◆ Data for processing:

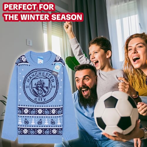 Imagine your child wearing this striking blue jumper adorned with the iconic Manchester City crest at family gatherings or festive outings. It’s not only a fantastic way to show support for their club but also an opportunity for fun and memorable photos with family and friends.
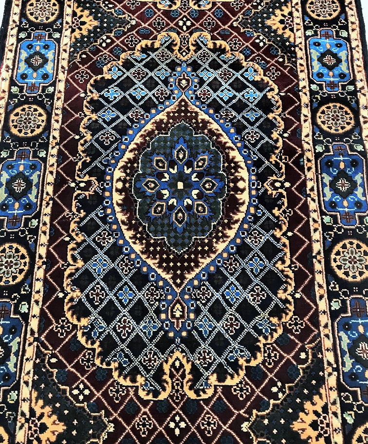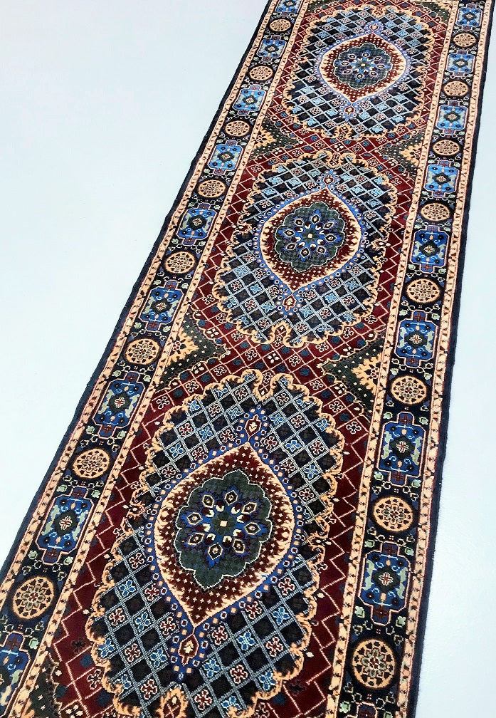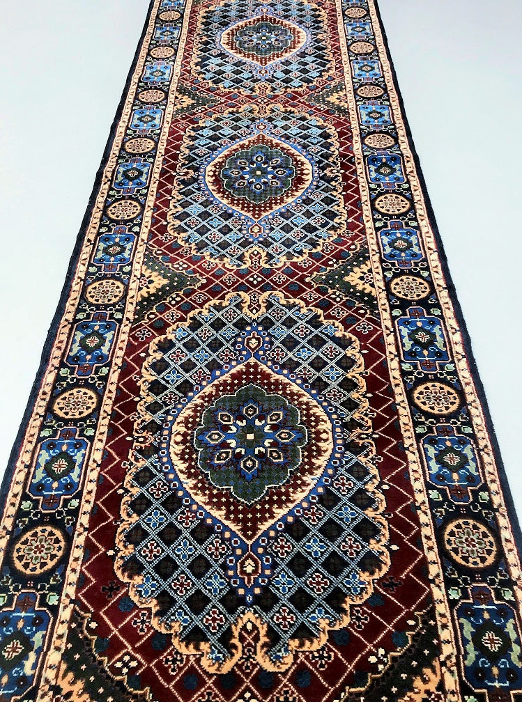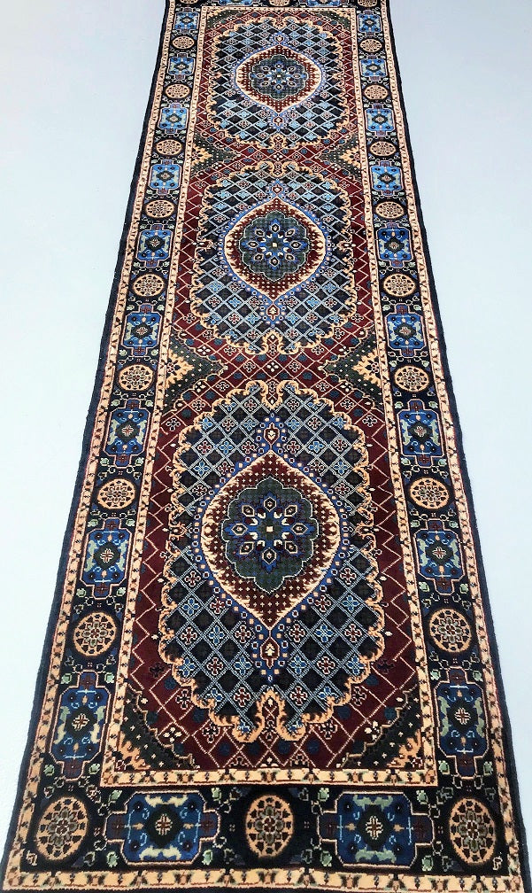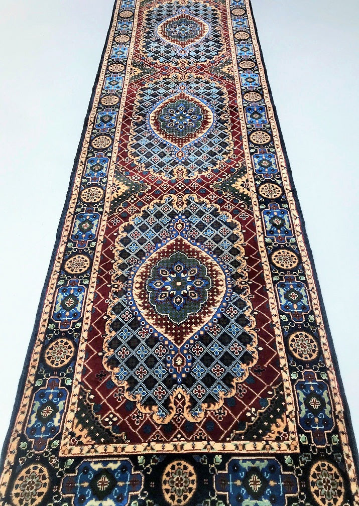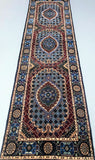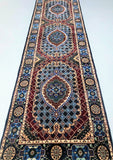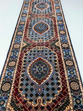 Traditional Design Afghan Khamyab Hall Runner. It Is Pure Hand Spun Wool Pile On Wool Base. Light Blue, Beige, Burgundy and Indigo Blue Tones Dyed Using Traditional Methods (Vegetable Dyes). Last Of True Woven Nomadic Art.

...

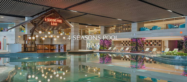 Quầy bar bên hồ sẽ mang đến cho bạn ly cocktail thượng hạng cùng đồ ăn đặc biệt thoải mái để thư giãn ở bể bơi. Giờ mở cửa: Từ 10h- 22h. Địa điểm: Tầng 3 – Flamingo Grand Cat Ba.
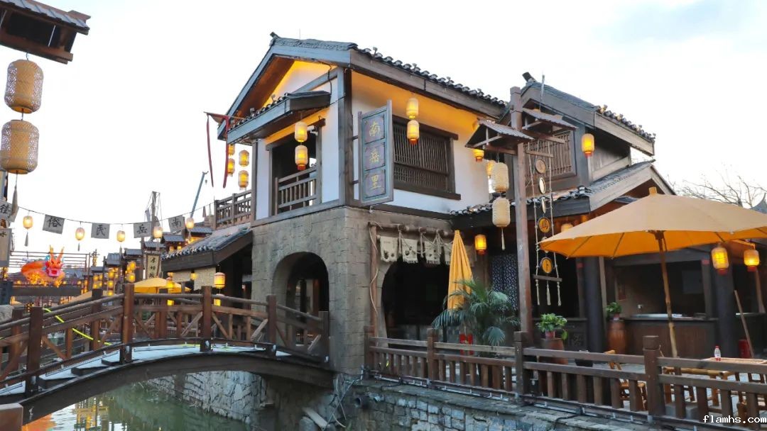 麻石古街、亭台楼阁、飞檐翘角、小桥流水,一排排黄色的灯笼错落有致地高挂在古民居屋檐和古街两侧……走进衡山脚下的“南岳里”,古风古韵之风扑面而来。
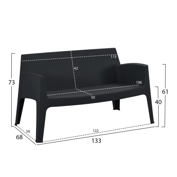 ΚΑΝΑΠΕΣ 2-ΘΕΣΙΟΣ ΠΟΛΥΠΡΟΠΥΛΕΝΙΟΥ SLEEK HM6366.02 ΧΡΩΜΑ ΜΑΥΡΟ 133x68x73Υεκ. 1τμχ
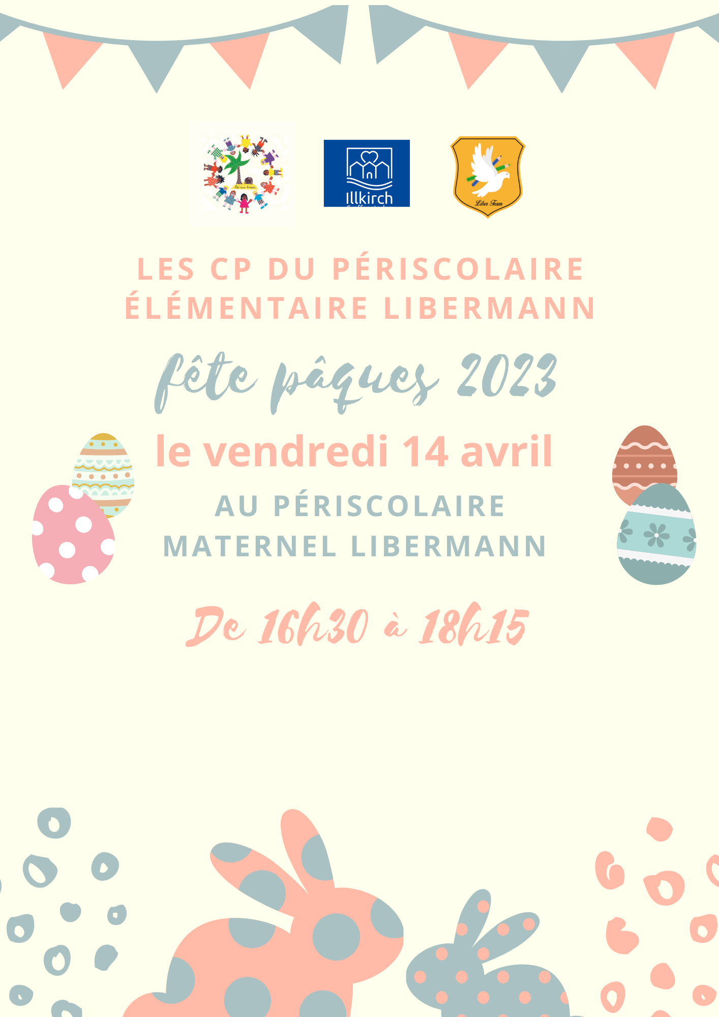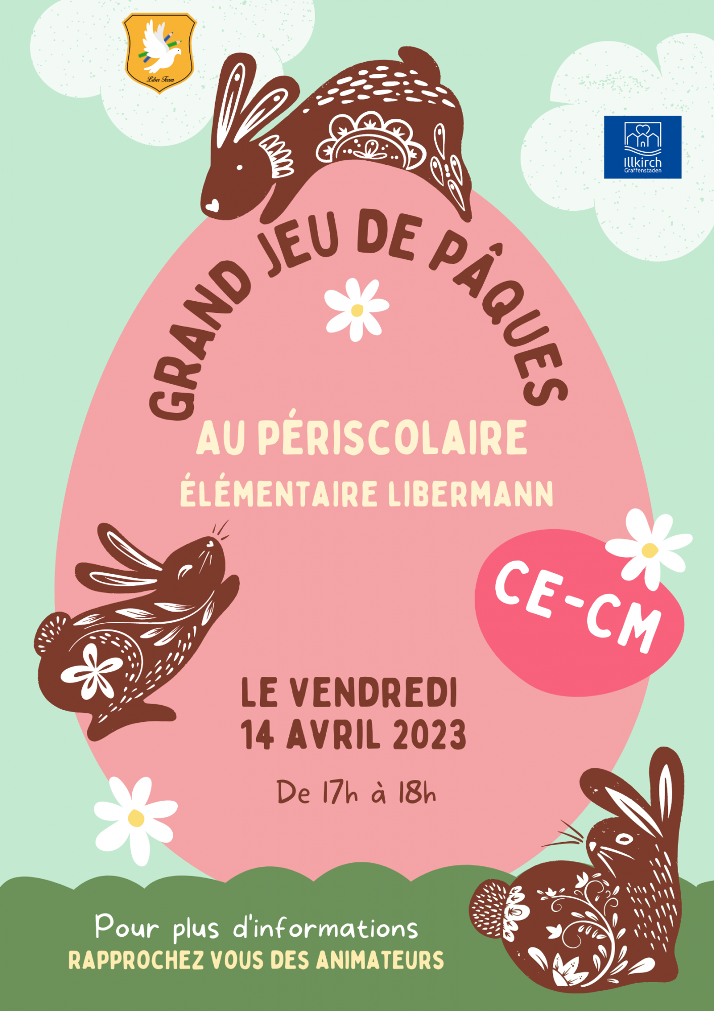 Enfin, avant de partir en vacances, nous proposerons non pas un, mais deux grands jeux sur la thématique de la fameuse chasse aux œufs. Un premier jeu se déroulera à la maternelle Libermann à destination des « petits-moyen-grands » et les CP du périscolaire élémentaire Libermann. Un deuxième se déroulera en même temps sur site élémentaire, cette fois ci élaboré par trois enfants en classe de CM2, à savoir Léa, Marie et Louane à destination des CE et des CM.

---

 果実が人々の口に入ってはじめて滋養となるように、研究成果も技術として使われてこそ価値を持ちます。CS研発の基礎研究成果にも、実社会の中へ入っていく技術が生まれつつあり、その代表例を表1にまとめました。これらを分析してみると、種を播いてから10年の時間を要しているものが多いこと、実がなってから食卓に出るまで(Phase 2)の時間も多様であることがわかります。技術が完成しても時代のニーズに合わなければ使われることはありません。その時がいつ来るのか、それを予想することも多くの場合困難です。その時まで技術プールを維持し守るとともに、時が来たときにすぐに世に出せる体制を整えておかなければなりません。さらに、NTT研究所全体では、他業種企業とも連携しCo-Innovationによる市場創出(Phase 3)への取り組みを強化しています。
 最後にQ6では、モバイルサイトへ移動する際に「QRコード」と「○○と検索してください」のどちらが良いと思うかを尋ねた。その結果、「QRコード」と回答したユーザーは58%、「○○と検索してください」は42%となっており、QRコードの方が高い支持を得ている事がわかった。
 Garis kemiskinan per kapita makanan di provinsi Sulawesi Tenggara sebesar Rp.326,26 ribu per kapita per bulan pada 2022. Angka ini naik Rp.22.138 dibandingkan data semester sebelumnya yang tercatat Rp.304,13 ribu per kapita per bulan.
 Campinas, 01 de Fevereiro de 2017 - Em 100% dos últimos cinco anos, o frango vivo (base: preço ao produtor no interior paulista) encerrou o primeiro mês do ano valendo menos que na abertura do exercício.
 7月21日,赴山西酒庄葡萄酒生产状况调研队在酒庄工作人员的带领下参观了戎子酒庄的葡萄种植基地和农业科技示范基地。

◆ Prompt: Reproduce the listing above only between the lines holding "Imagine your child" and "Traditional Design Afghan", inclusive. Every line must match exactly, and pictures are dropped.

◆ Result of this task:
 Imagine your child wearing this striking blue jumper adorned with the iconic Manchester City crest at family gatherings or festive outings. It’s not only a fantastic way to show support for their club but also an opportunity for fun and memorable photos with family and friends.
 Traditional Design Afghan Khamyab Hall Runner. It Is Pure Hand Spun Wool Pile On Wool Base. Light Blue, Beige, Burgundy and Indigo Blue Tones Dyed Using Traditional Methods (Vegetable Dyes). Last Of True Woven Nomadic Art.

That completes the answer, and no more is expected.